In a landmark article in The Lancet in 2007, Oxman et al. (1) demonstrated that despite internal guidance to the contrary, and against the wishes of some of those involved, WHO guidelines were not being developed on an evidence-informed basis. The WHO moved decisively to address this deficiency to the effect that all public health recommendations published from 2010 are required to demonstrate compliance with the WHO’s Handbook for Guideline Development (2). This states that “WHO recommendations need to be based on the best evidence available . . . an effective approach is to perform a systematic review using specific questions about the intervention(s) likely to be recommended in the guideline” (3).
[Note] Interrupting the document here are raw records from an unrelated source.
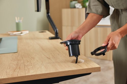 Bring power seamlessly into your workspace with this compact, recessed desk outlet designed for easy access and minimal disruption. Featuring a single 230v power socket and a USB-C port with up to 30W output, it's ideal for charging devices without clutter. The unit fits neatly into standard 60mm or 80mm grommet holes, making installation straightforward. Its discreet design helps eliminate bulky adapters and tangled cables, keeping your desktop clean and organised. A sliding cover protects the ports from dust and debris, and hides the unit when not in use. With a generous 2-metre power cable and plug, setup is flexible and hassle-free.
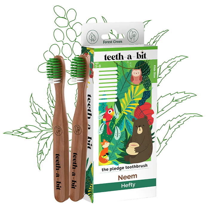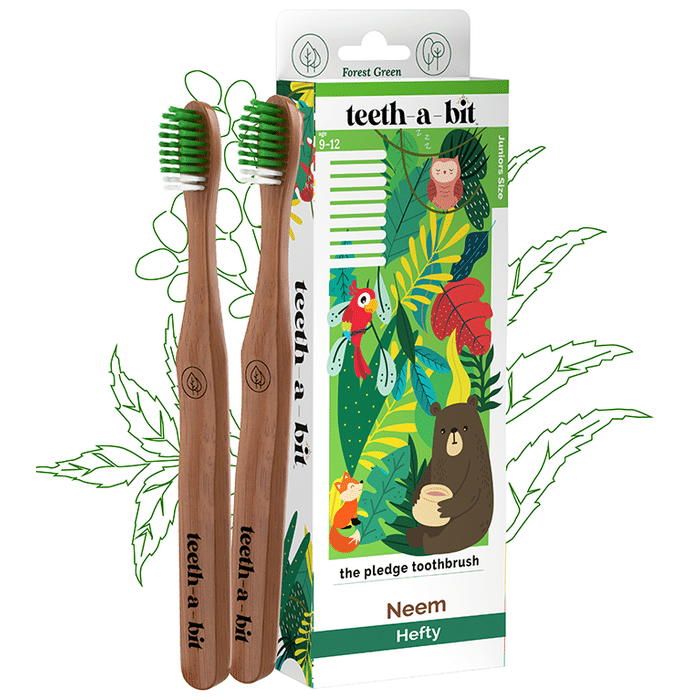 Teeth-A-Bit The Pledge Neem Toothbrush (5-8 Yrs) Hefty Forest Green
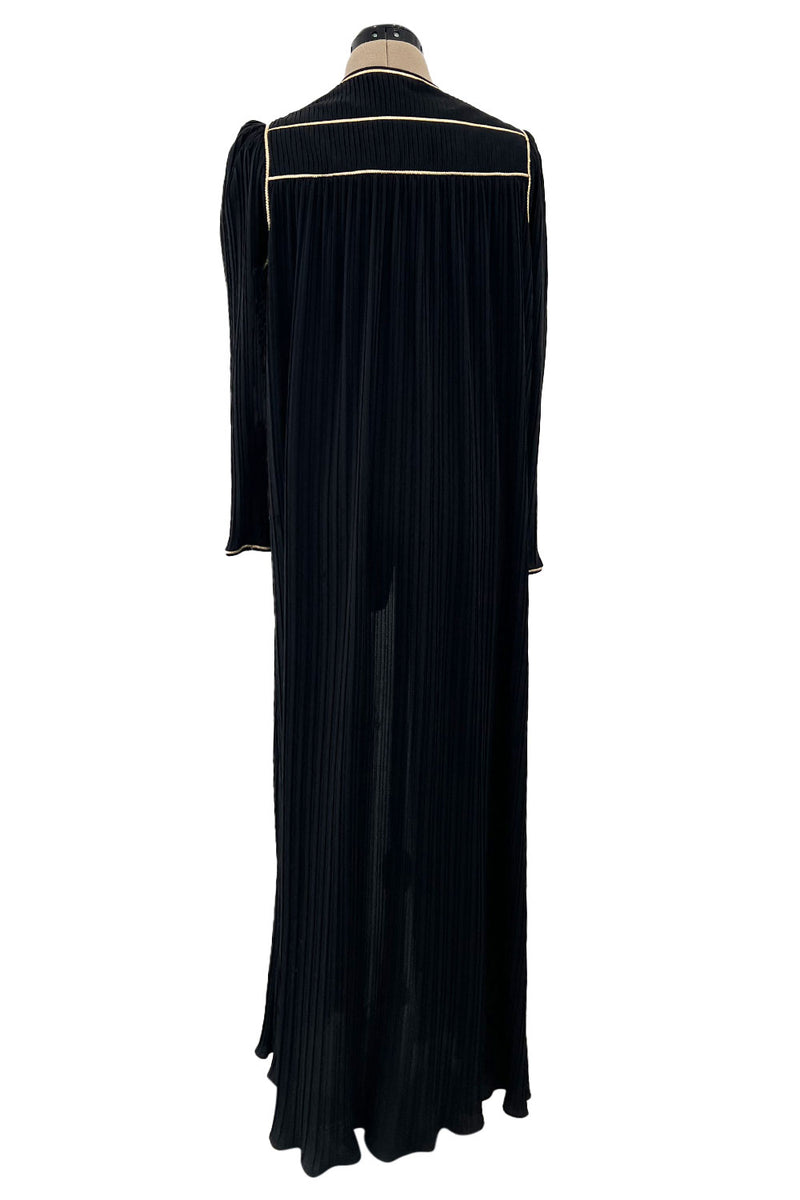 Versatile 1981 Bill Tice Full Length Black Pleated Jersey Coat w Gold Cord Detailing
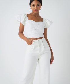 Turn heads in this sexy crop top with shirring detail and puff sleeves. This crop top is perfect for a night out. With a zipper on the back, it’s easy to take on and off. The balloon ruffle gives it some serious style, while the shirred top ensures a comfortable and flattering fit. Pair this crop top with your favorite jeans or skirt for a look that will get you noticed.
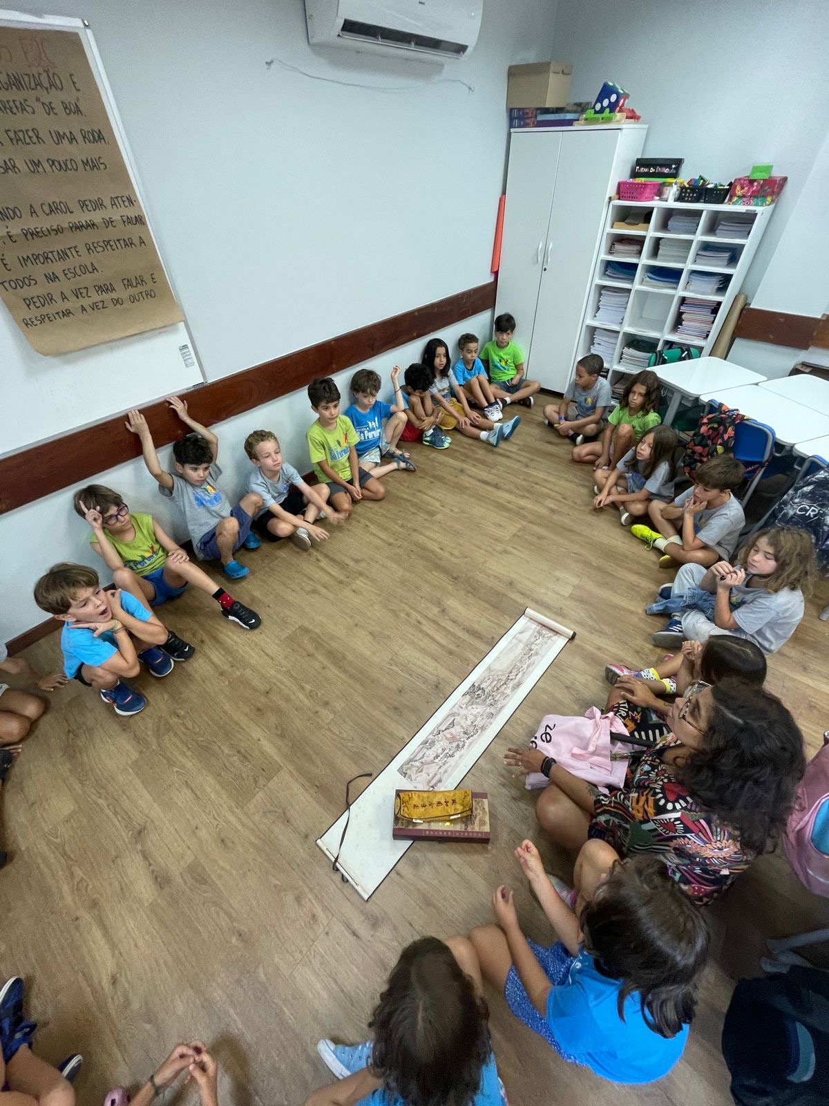 A proposta marcou a conclusão do trabalho com poesia, um gênero que acompanhou as crianças ao longo de todo o ano e dialogou diretamente com a peça de teatro da Festa de Fim de Ano.
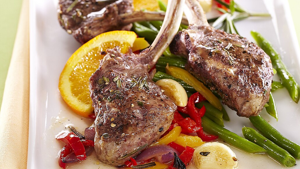 - Kotletky vyjmeme z marinády a pozvolna je opečeme v pánvi na zbylém rozehřátém oleji z obou stran. Přisypeme připravenou zeleninu a vše ještě asi 10 minut opékáme. Nakonec přidáme zbylou snítku rozmarýnu, přilijeme vymačkanou šťávu z druhého pomeranče, dochutíme solí a pepřem. Jehněčí kotletky podáváme s restovanou zeleninou, ozdobené plátky pomeranče.
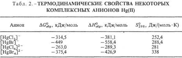 Дигалогениды HgX2 раств. в воде и орг. р-рйтелях, в отличие от большинства др. солей в водных р-рах практически не диссоциируют. В водных р-рах в присут. избытка MX, где М = Na, К, Rb, образуют хорошо р-римые комплексы M2[HgX4]. Константа устойчивости К комплексов [HgX4]2- увеличивается в ряду Сl < Вr < I (К = 15,93, 21,0, 30,17 соотв.; о др. св-вах см. табл. 2). Константы равновесия р-ции обмена HgX2 +

Systematic reviews have been defined as “Scientific investigations that focus on a specific question and use explicit, pre-specified scientific methods to identify, select, assess, and summarize the findings of similar but separate studies. (They) may include a quantitative synthesis (meta-analysis), depending on the available data” (4). The key elements of a systematic review are as follows:

Identification of a clear and specific question, including, for effectiveness reviews, a description of the relevant Population, Intervention, Comparison(s), and Outcomes of interest (PICO)
Prespecification, via a review protocol, of the proposed methodologic approach, including the search strategy, study selection criteria, and approach to data analysis of included studies
A comprehensive and systematic search for relevant primary studies
Selection of relevant studies using the predefined criteria and process
Critical appraisal of included studies for risk of bias
Extraction of data from included studies and data analysis following prespecified and transparent methods
Synthesis of the characteristics and results of the included studies and meta-analysis where appropriate
Presentation and interpretation of the findings of the review

When appropriately conducted and reported, systematic reviews can provide the best available evidence by virtue of the transparency, inclusiveness, and rigorous approach. By reducing selective reporting, and by accumulating all of the relevant evidence, systematic reviews can reduce the uncertainty and increase the precision of pooled results.

For an increasing number of guidelines bodies, including the WHO, a vital ingredient and a bridge between the evidence synthesis in the systematic review and the recommendations made by a guidelines panel is the production of an evidence profile and summary of findings table that uses the methodology developed by the Grading of Recommendations, Assessment, Development, and Evaluation (GRADE)³ working group (3).

In this article I describe the role of The Cochrane Collaboration in developing systematic reviews and GRADE evidence profiles in the development of guidelines for the WHO Nutrition Guidelines program, and some of the lessons learned in this process.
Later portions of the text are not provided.